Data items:
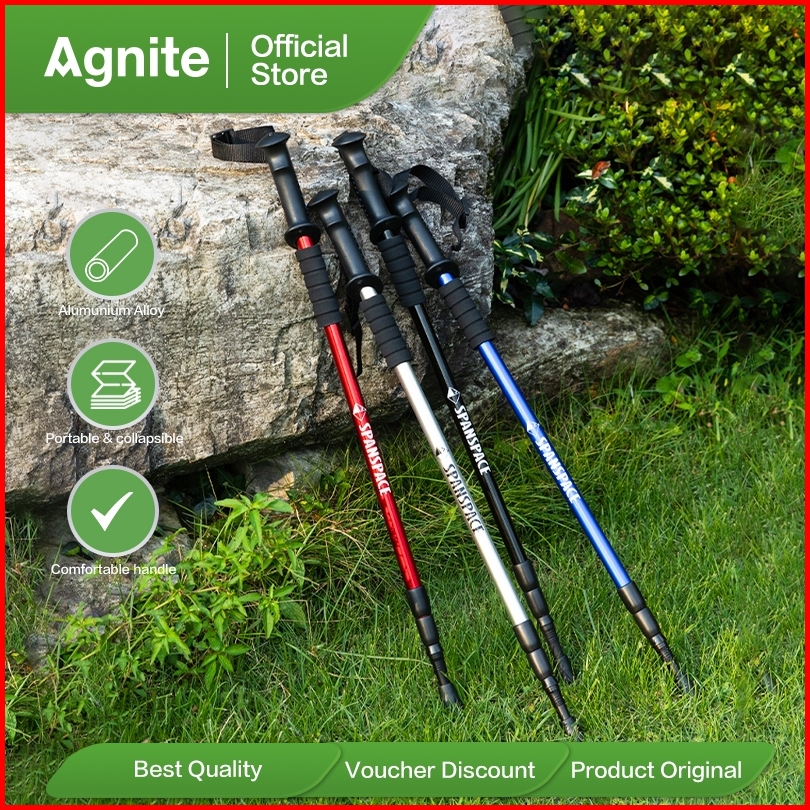 Agnite Spanspace Tongkat Gunung Lipat Tracking Pole Trekking Hiking Aluminum Alloy 65-135 Cm Vs4061
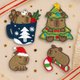 这款刺绣贴纸将杯子、可可奶油、圣诞叶与水豚表情细致呈现。背胶可直接使用,也可缝在布面上:
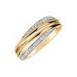 Prsteň vyrobený zo 14kt žltého a bieleho zlata s diamantmi je ako harmónia dvoch kvetinových druhov. Jeho diamanty sú ako jemné kvapky rosy na kvetoch, ktoré zdobia čistú krásu a večnú lásku. Šperk je súčasťou kolekcie Essential.
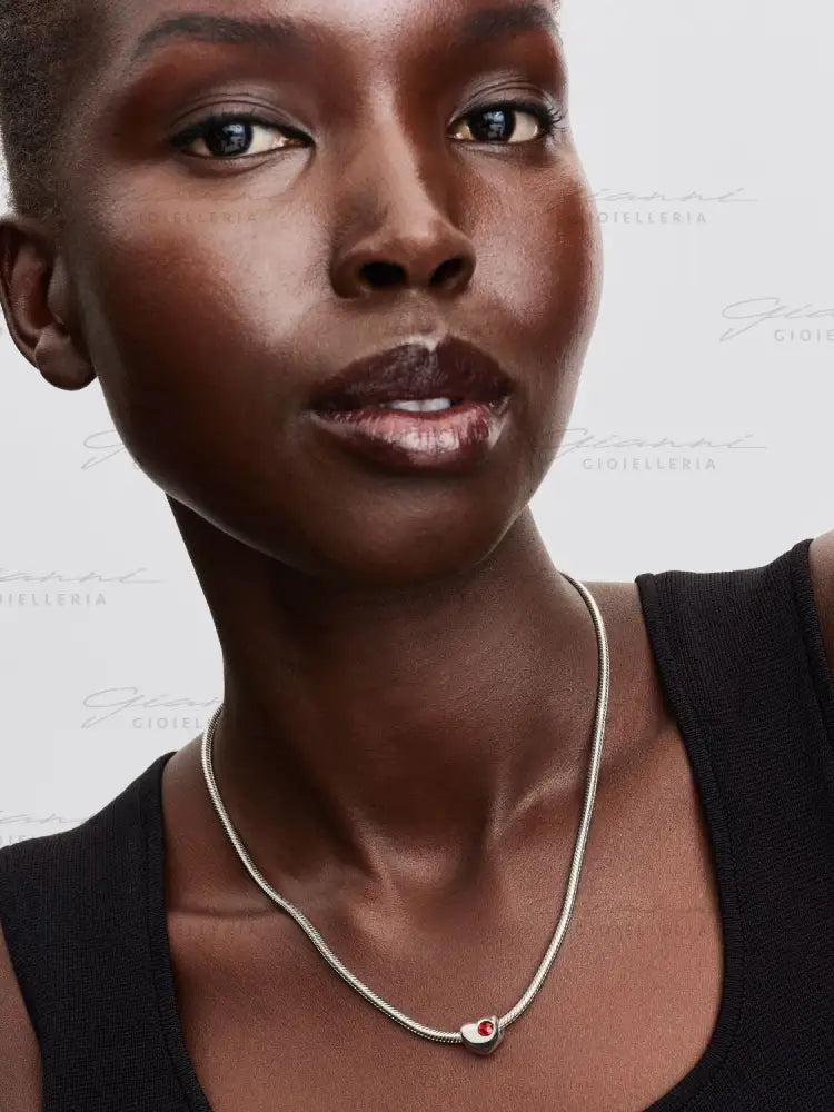 Charm Pandora- Cuore con Pietra Rossa Scuro Gennaio da incidere
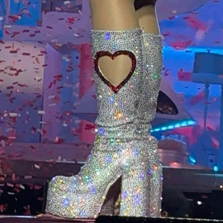 Crystal Love Heart Cut Out Platform High Heel Boots
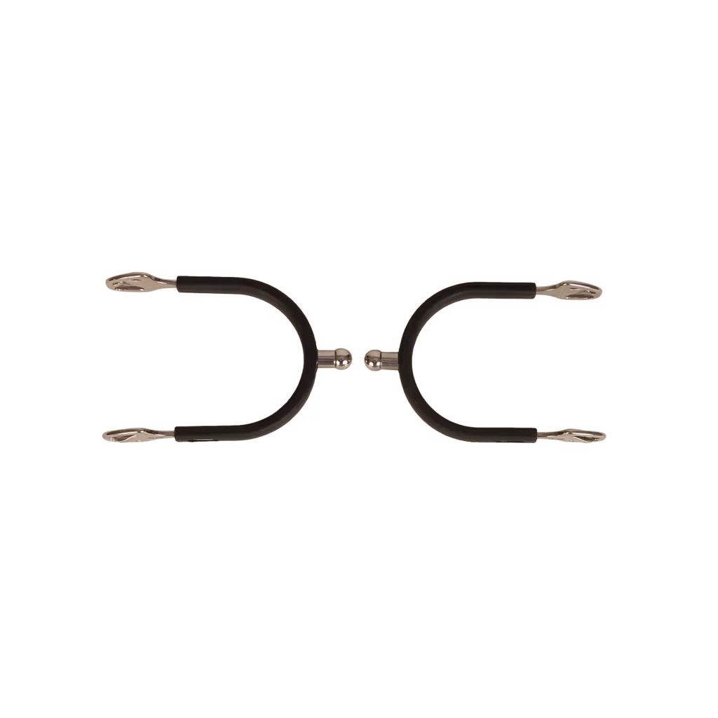 Jsou vyrobeny z kvalitní nerezové oceli a vynikají vysokou odolností a dlouhou životností i při pravidelném používání. Gumový potah zajišťuje stabilní usazení na botě, zabraňuje sklouzávání a zároveň chrání jezdeckou obuv před opotřebením.
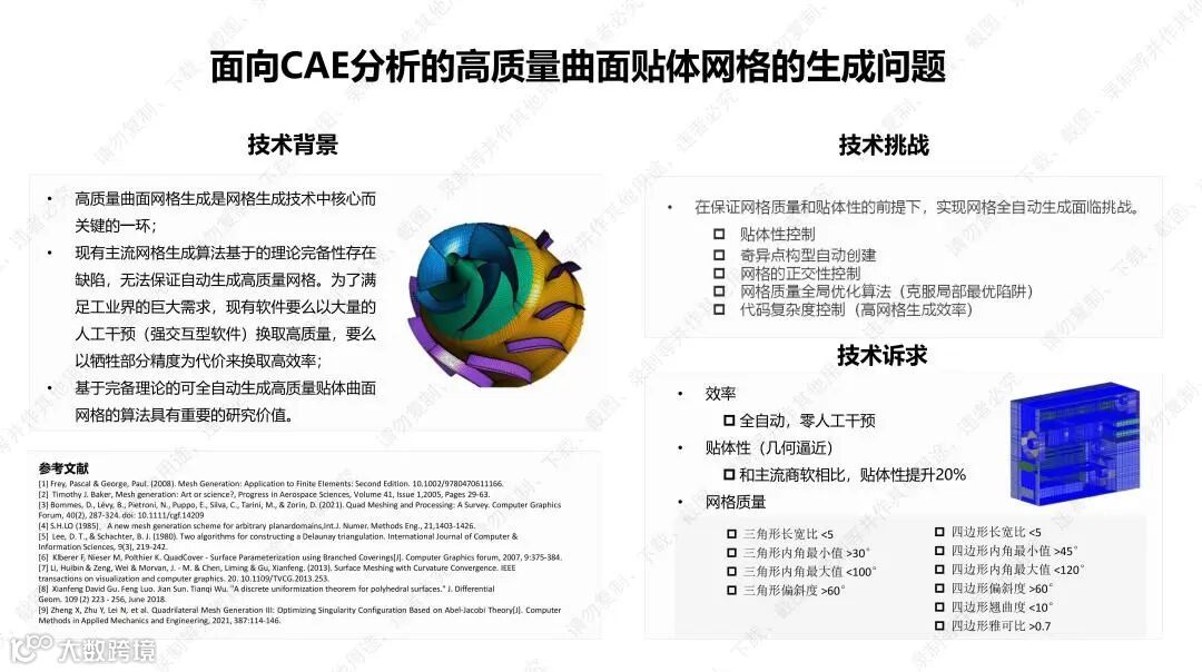 (1)面向CAE分析的高质量曲面贴体网格的生成问题
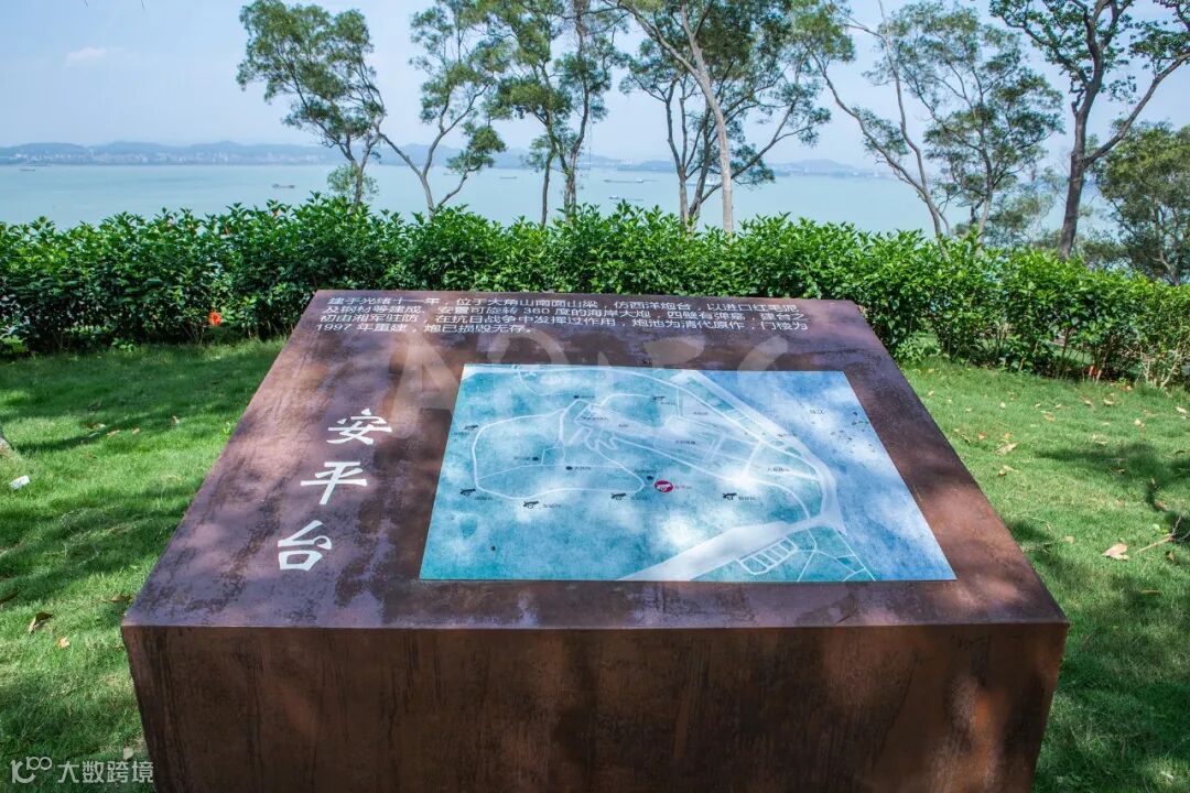 安平台建在大角山南山梁,门楼上灰塑匾额写有“安平台”三字,无上下款炮池为圆形。1997年在第二期维修工程中对门楼、坑道、炮池进行了维修
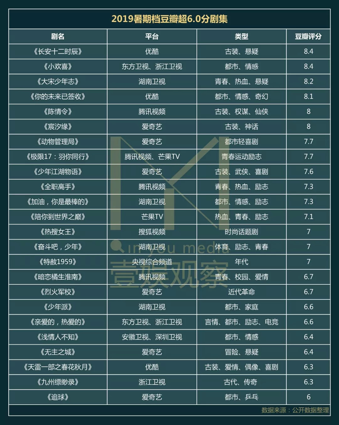 同时,回顾暑期档成绩,各卫视、平台都有亮眼剧集。因此,如此“混乱”、囊括了如此多剧集的暑期档,却显得平和许多。

TASK TO CARRY OUT:
Reproduce every record verbatim, please. Omit the images.

EXERCISE OUTPUT:
 Agnite Spanspace Tongkat Gunung Lipat Tracking Pole Trekking Hiking Aluminum Alloy 65-135 Cm Vs4061
 这款刺绣贴纸将杯子、可可奶油、圣诞叶与水豚表情细致呈现。背胶可直接使用,也可缝在布面上:
 Prsteň vyrobený zo 14kt žltého a bieleho zlata s diamantmi je ako harmónia dvoch kvetinových druhov. Jeho diamanty sú ako jemné kvapky rosy na kvetoch, ktoré zdobia čistú krásu a večnú lásku. Šperk je súčasťou kolekcie Essential.
 Charm Pandora- Cuore con Pietra Rossa Scuro Gennaio da incidere
 Crystal Love Heart Cut Out Platform High Heel Boots
 Jsou vyrobeny z kvalitní nerezové oceli a vynikají vysokou odolností a dlouhou životností i při pravidelném používání. Gumový potah zajišťuje stabilní usazení na botě, zabraňuje sklouzávání a zároveň chrání jezdeckou obuv před opotřebením.
 (1)面向CAE分析的高质量曲面贴体网格的生成问题
 安平台建在大角山南山梁,门楼上灰塑匾额写有“安平台”三字,无上下款炮池为圆形。1997年在第二期维修工程中对门楼、坑道、炮池进行了维修
 同时,回顾暑期档成绩,各卫视、平台都有亮眼剧集。因此,如此“混乱”、囊括了如此多剧集的暑期档,却显得平和许多。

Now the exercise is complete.